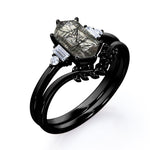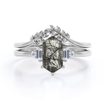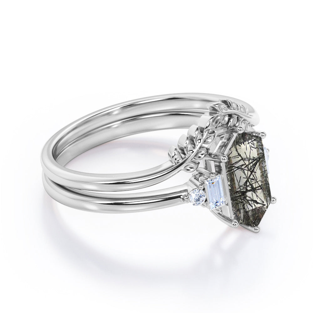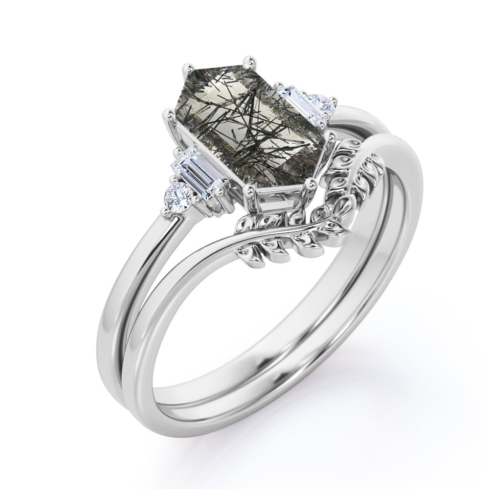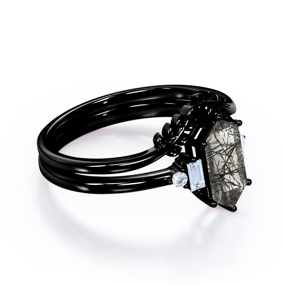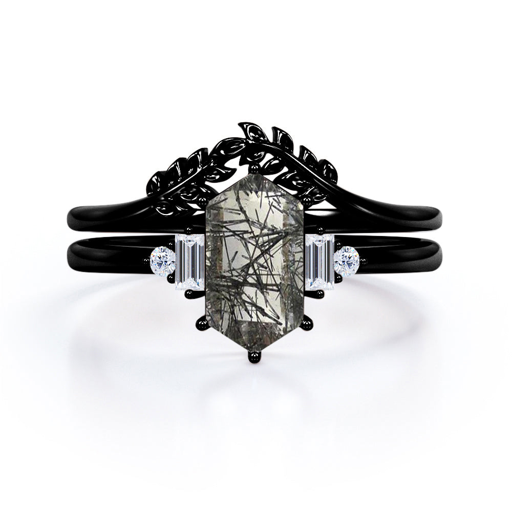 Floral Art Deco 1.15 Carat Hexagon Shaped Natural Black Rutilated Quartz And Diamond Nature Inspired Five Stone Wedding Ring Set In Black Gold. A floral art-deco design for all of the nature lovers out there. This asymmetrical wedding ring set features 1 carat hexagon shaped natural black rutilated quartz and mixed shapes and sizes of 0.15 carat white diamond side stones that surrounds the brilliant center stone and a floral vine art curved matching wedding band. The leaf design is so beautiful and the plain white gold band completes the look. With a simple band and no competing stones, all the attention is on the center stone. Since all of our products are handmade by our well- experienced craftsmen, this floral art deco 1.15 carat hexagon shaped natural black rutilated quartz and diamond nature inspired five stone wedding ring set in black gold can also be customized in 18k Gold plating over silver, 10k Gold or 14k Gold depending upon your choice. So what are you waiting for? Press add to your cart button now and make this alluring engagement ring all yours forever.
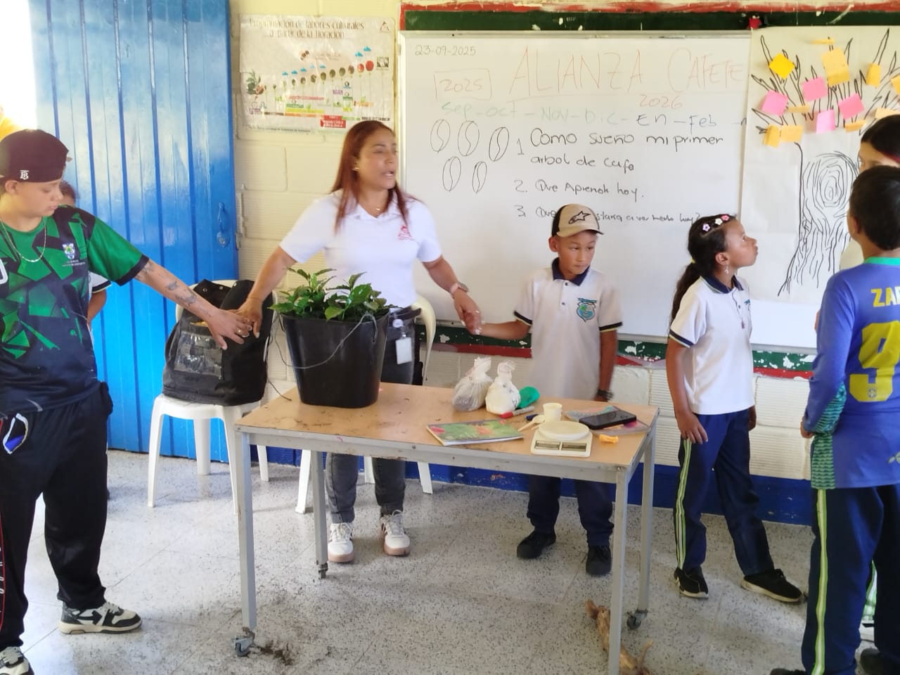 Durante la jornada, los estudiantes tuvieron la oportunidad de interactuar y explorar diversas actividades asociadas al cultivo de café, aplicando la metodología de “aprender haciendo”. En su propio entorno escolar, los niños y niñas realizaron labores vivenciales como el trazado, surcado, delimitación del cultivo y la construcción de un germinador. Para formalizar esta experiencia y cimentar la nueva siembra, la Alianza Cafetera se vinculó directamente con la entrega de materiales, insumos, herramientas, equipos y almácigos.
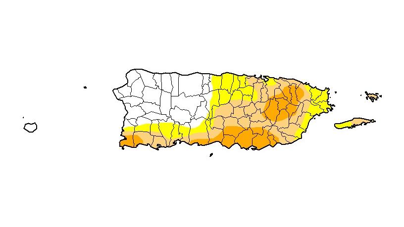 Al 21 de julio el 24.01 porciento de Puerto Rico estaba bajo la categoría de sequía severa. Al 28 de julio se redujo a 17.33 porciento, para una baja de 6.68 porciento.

▶ **What you are asked to do**: Please reproduce each line of the listing above exactly, skipping pictures.

▶ **Task solution**:
 Floral Art Deco 1.15 Carat Hexagon Shaped Natural Black Rutilated Quartz And Diamond Nature Inspired Five Stone Wedding Ring Set In Black Gold. A floral art-deco design for all of the nature lovers out there. This asymmetrical wedding ring set features 1 carat hexagon shaped natural black rutilated quartz and mixed shapes and sizes of 0.15 carat white diamond side stones that surrounds the brilliant center stone and a floral vine art curved matching wedding band. The leaf design is so beautiful and the plain white gold band completes the look. With a simple band and no competing stones, all the attention is on the center stone. Since all of our products are handmade by our well- experienced craftsmen, this floral art deco 1.15 carat hexagon shaped natural black rutilated quartz and diamond nature inspired five stone wedding ring set in black gold can also be customized in 18k Gold plating over silver, 10k Gold or 14k Gold depending upon your choice. So what are you waiting for? Press add to your cart button now and make this alluring engagement ring all yours forever.
 Durante la jornada, los estudiantes tuvieron la oportunidad de interactuar y explorar diversas actividades asociadas al cultivo de café, aplicando la metodología de “aprender haciendo”. En su propio entorno escolar, los niños y niñas realizaron labores vivenciales como el trazado, surcado, delimitación del cultivo y la construcción de un germinador. Para formalizar esta experiencia y cimentar la nueva siembra, la Alianza Cafetera se vinculó directamente con la entrega de materiales, insumos, herramientas, equipos y almácigos.
 Al 21 de julio el 24.01 porciento de Puerto Rico estaba bajo la categoría de sequía severa. Al 28 de julio se redujo a 17.33 porciento, para una baja de 6.68 porciento.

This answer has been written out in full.